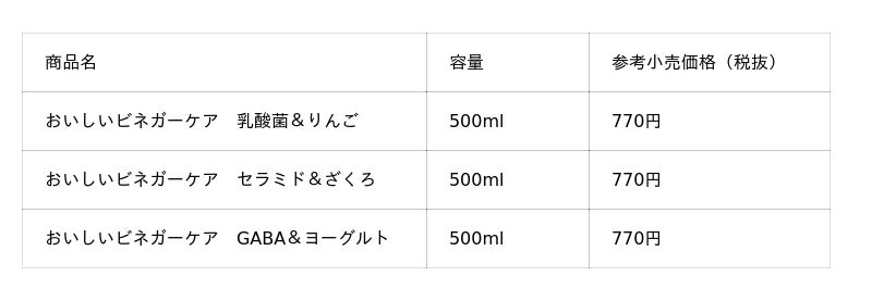 株式会社Mizkan(本社:愛知県半田市、代表取締役社長兼 CEO:吉永 智征、以下ミツカン)は、2026年3月5日(木)より「おいしいビネガーケア(TM) 乳酸菌&りんご・セラミド&ざくろ・GABA&ヨーグルト」を発売いたします。健康・美容ケア成分を配合した、りんご酢ベースのビネガードリンクです。
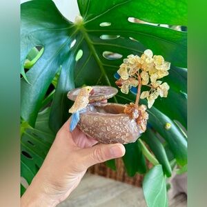 This one-of-a-kind handcrafted piece features a beautifully detailed parrot carved from calcite and agate, perched atop a natural agate geode. Growing from the geode is a citrine gemstone tree, with a delicate citrine crystal nest resting beneath it—creating a powerful scene of abundance, protection, and joy.
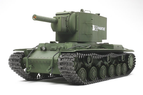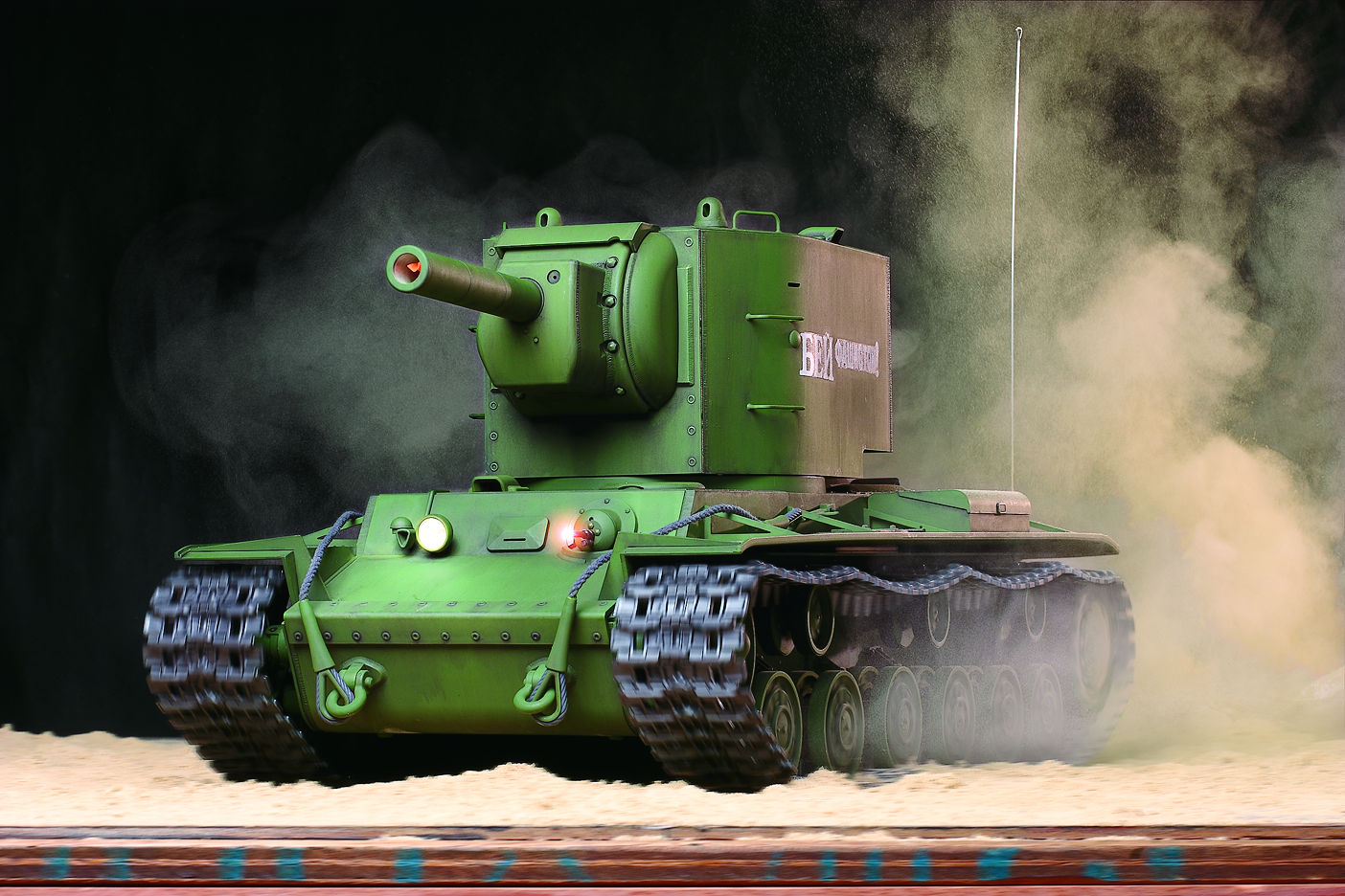 Der mit zahlreichen funktionellen Baugruppen ausgestattete Modellpanzer verfügt dank seiner elektronischen Steuereinheit über aussergewöhnlich realistische Bewegungs- und Soundeffekte. Motor- und andere Geräusche wurden an Originalpanzern aufgenommen, um eine perfekte Simulation zu gewähren. Der vorbildgetreue Geschützturm lässt sich per Fernsteuerung drehen und ausrichten. Der Modell KV-2 vollführt sogar die kettenfahrzeugtypische Drehung auf der Stelle. Für hohe Detailtreue des "Giganten" von TAMIYA sorgen u. a. Fotoätzteile und zahlreiche nachgebildete Details, wie die Abschleppseile.
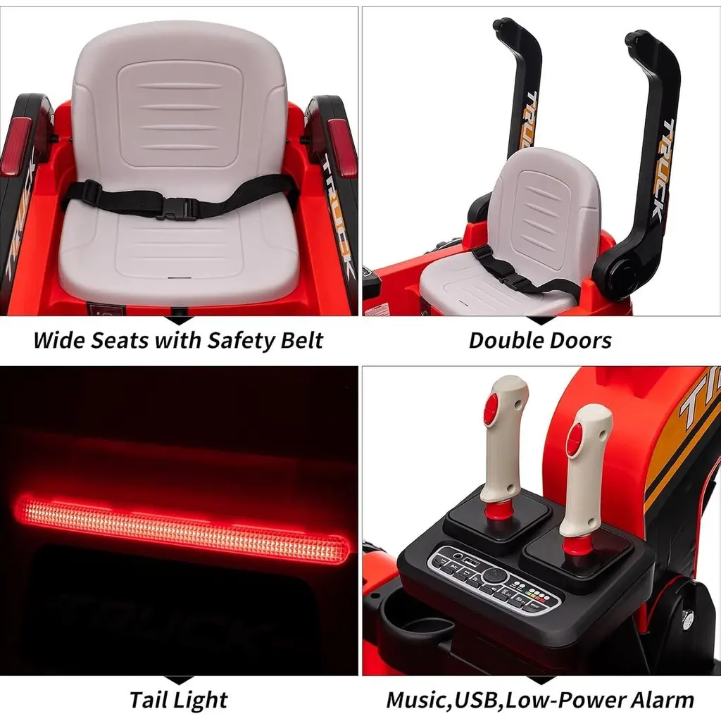 Fully Functional Electric Digging Arm:This excavator is equipped with a fully electric arm powered by two 35W motors, replicating the operation of a real excavator. Its realistic design enhances children's dexterity and coordination, providing an educational and entertaining experience. Extended Playtime and Speed:Featuring a robust 12V 10AH battery and four 75W motors, this electric digger offers up to 60 minutes of continuous play. With multiple speed settings available in both manual and remote control modes, it can reach a maximum speed of 3.1 MPH, perfect for young explorers. Versatile Terrain Capabilities:Designed for various surfaces, this kids' ride-on excavator excels on sand, grass, and flat ground. Its four 75W motors allow for impressive maneuverability, including a complete 360° rotation in place, providing endless play possibilities. Child Safety Features:Safety is a priority with this model, which includes a 2.4GHz remote control for emergency braking. Additional safety features such as smooth start and stop functions, a power display, and a safety belt create a secure play environment for children. Interactive and Engaging Entertainment:Equipped with Bluetooth and USB connectivity, this excavator can play music from various devices and features built-in modes for music and storytelling. These interactive elements keep children entertained and engaged during playtime, making it an ideal gift for kids aged 3-8 years with a maximum load capacity of 70 pounds.
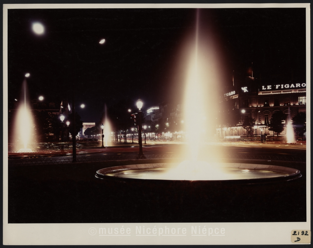 vue d'architecture - effet de lumière - avenue - nuit - jet d'eau - Paris - SARTONY
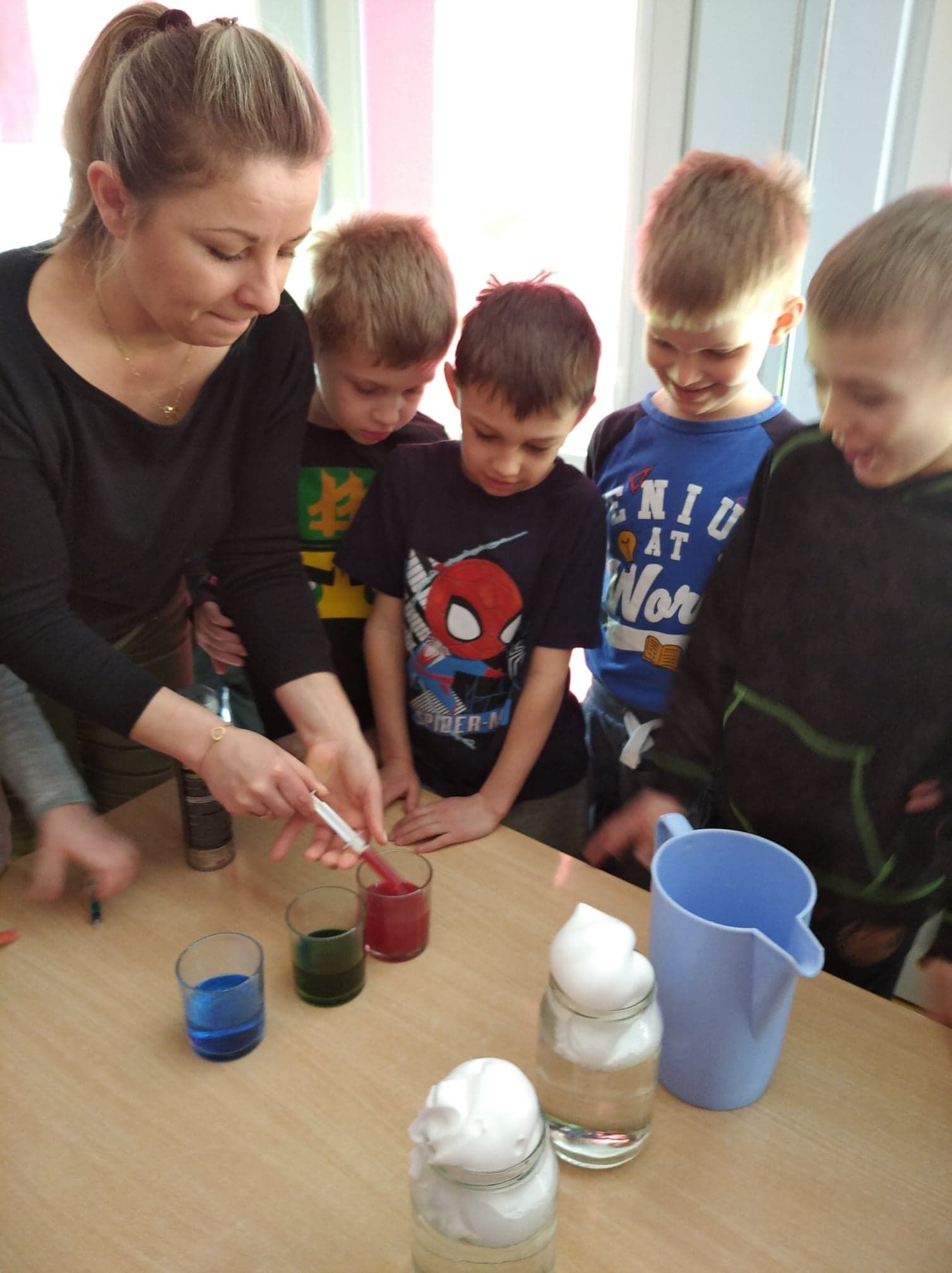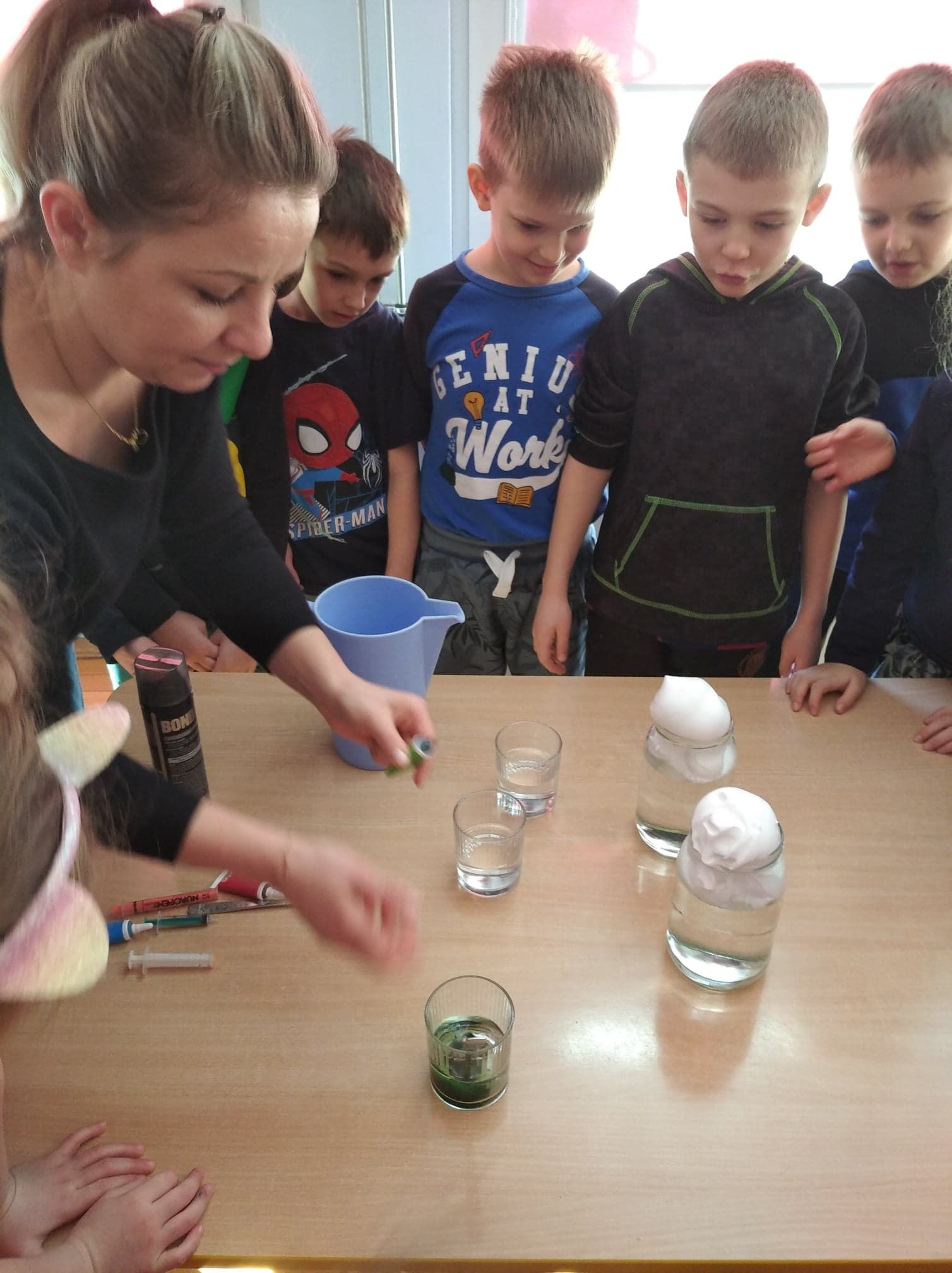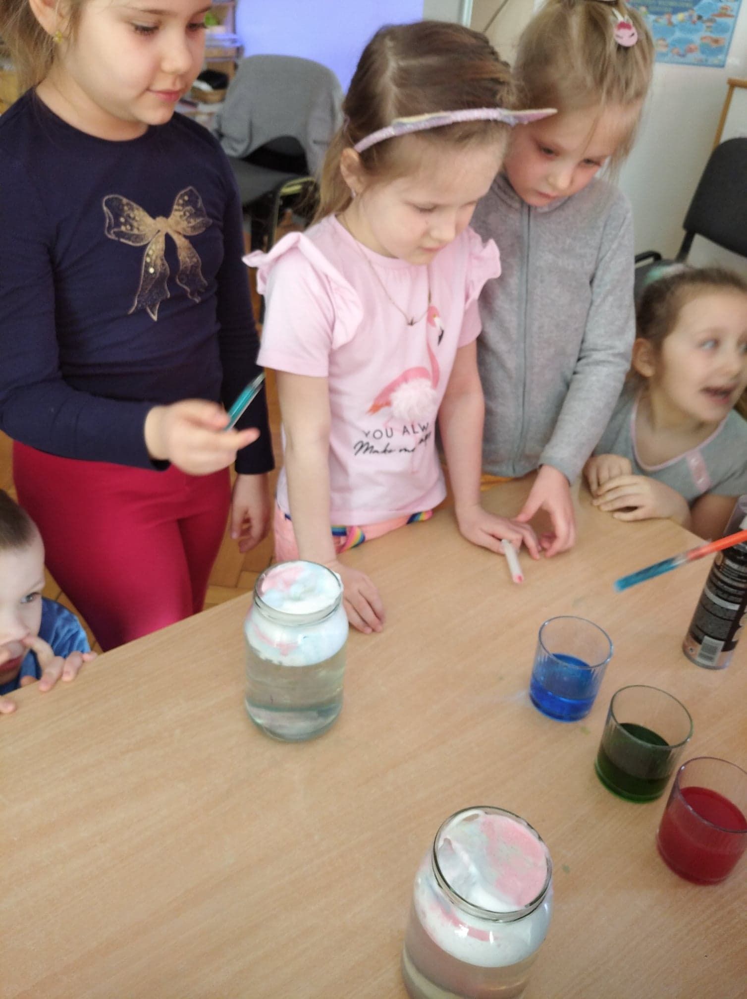 Dzieci kochają zabawy na śniegu i wszelkie zimowe aktywności na powietrzu. Pani Zima postanowiła nas odwiedzić i sprawiła nam wielką radość. Wykorzystując okazję z pojawienia się śniegu 10.03. 2022 r. dzieci z grupy ,,Motylki” dbając o zdrowie i hartując organizm wybrały się na przedszkolny plac zabaw. Wreszcie mogliśmy urządzić zabawy na śniegu. Dzieci oddały się zimowej zabawie wykazując się pomysłowością w szaleństwach na śniegu. Śnieg nikomu nie przeszkadzał, dzieci miały dużo frajdy, a do przedszkola wróciliśmy z szerokimi uśmiechami. 11.03.2022 r. ,,Motylki” robiły zabawy badawcze z wodą, wykonywały doświadczenia związane z parowaniem i skraplaniem. Odkrywanie, eksperymentowanie, doświadczanie to świetna zabawa. Dzieci rozwiązywały zagadki słowne, stworzyły mapę pojęciową ,,Do czego potrzebna jest woda? Omówiły proces krążenia wody w przyrodzie na podstawie plakatu i filmu edukacyjnego. Zabawy badawcze dostarczyły dzieciom duże ilości nowych przeżyć i wrażeń , doskonaląc koncentrację uwagi oraz cierpliwość w czekaniu na swoją kolej. Największą fascynację wywołał „Kolorowy deszcz” z pianką do golenia. Przedszkolaki spróbowały również zrobić ,,Deszcz w słoiku” wykorzystując wrzątek i kostki lodu . Obserwowały i wyciągały wnioski z prowadzonych doświadczeń. Wszystkim zajęcia bardzo się podobały, dlatego mamy nadzieję, że już niedługo uda nam się podobne powtórzyć.

● ● ● ● ●

Copy out the material above in full and exactly; its pictures are not to appear.

# WRITTEN ANSWER
 株式会社Mizkan(本社:愛知県半田市、代表取締役社長兼 CEO:吉永 智征、以下ミツカン)は、2026年3月5日(木)より「おいしいビネガーケア(TM) 乳酸菌&りんご・セラミド&ざくろ・GABA&ヨーグルト」を発売いたします。健康・美容ケア成分を配合した、りんご酢ベースのビネガードリンクです。
 This one-of-a-kind handcrafted piece features a beautifully detailed parrot carved from calcite and agate, perched atop a natural agate geode. Growing from the geode is a citrine gemstone tree, with a delicate citrine crystal nest resting beneath it—creating a powerful scene of abundance, protection, and joy.
 Der mit zahlreichen funktionellen Baugruppen ausgestattete Modellpanzer verfügt dank seiner elektronischen Steuereinheit über aussergewöhnlich realistische Bewegungs- und Soundeffekte. Motor- und andere Geräusche wurden an Originalpanzern aufgenommen, um eine perfekte Simulation zu gewähren. Der vorbildgetreue Geschützturm lässt sich per Fernsteuerung drehen und ausrichten. Der Modell KV-2 vollführt sogar die kettenfahrzeugtypische Drehung auf der Stelle. Für hohe Detailtreue des "Giganten" von TAMIYA sorgen u. a. Fotoätzteile und zahlreiche nachgebildete Details, wie die Abschleppseile.
 Fully Functional Electric Digging Arm:This excavator is equipped with a fully electric arm powered by two 35W motors, replicating the operation of a real excavator. Its realistic design enhances children's dexterity and coordination, providing an educational and entertaining experience. Extended Playtime and Speed:Featuring a robust 12V 10AH battery and four 75W motors, this electric digger offers up to 60 minutes of continuous play. With multiple speed settings available in both manual and remote control modes, it can reach a maximum speed of 3.1 MPH, perfect for young explorers. Versatile Terrain Capabilities:Designed for various surfaces, this kids' ride-on excavator excels on sand, grass, and flat ground. Its four 75W motors allow for impressive maneuverability, including a complete 360° rotation in place, providing endless play possibilities. Child Safety Features:Safety is a priority with this model, which includes a 2.4GHz remote control for emergency braking. Additional safety features such as smooth start and stop functions, a power display, and a safety belt create a secure play environment for children. Interactive and Engaging Entertainment:Equipped with Bluetooth and USB connectivity, this excavator can play music from various devices and features built-in modes for music and storytelling. These interactive elements keep children entertained and engaged during playtime, making it an ideal gift for kids aged 3-8 years with a maximum load capacity of 70 pounds.
 vue d'architecture - effet de lumière - avenue - nuit - jet d'eau - Paris - SARTONY
 Dzieci kochają zabawy na śniegu i wszelkie zimowe aktywności na powietrzu. Pani Zima postanowiła nas odwiedzić i sprawiła nam wielką radość. Wykorzystując okazję z pojawienia się śniegu 10.03. 2022 r. dzieci z grupy ,,Motylki” dbając o zdrowie i hartując organizm wybrały się na przedszkolny plac zabaw. Wreszcie mogliśmy urządzić zabawy na śniegu. Dzieci oddały się zimowej zabawie wykazując się pomysłowością w szaleństwach na śniegu. Śnieg nikomu nie przeszkadzał, dzieci miały dużo frajdy, a do przedszkola wróciliśmy z szerokimi uśmiechami. 11.03.2022 r. ,,Motylki” robiły zabawy badawcze z wodą, wykonywały doświadczenia związane z parowaniem i skraplaniem. Odkrywanie, eksperymentowanie, doświadczanie to świetna zabawa. Dzieci rozwiązywały zagadki słowne, stworzyły mapę pojęciową ,,Do czego potrzebna jest woda? Omówiły proces krążenia wody w przyrodzie na podstawie plakatu i filmu edukacyjnego. Zabawy badawcze dostarczyły dzieciom duże ilości nowych przeżyć i wrażeń , doskonaląc koncentrację uwagi oraz cierpliwość w czekaniu na swoją kolej. Największą fascynację wywołał „Kolorowy deszcz” z pianką do golenia. Przedszkolaki spróbowały również zrobić ,,Deszcz w słoiku” wykorzystując wrzątek i kostki lodu . Obserwowały i wyciągały wnioski z prowadzonych doświadczeń. Wszystkim zajęcia bardzo się podobały, dlatego mamy nadzieję, że już niedługo uda nam się podobne powtórzyć.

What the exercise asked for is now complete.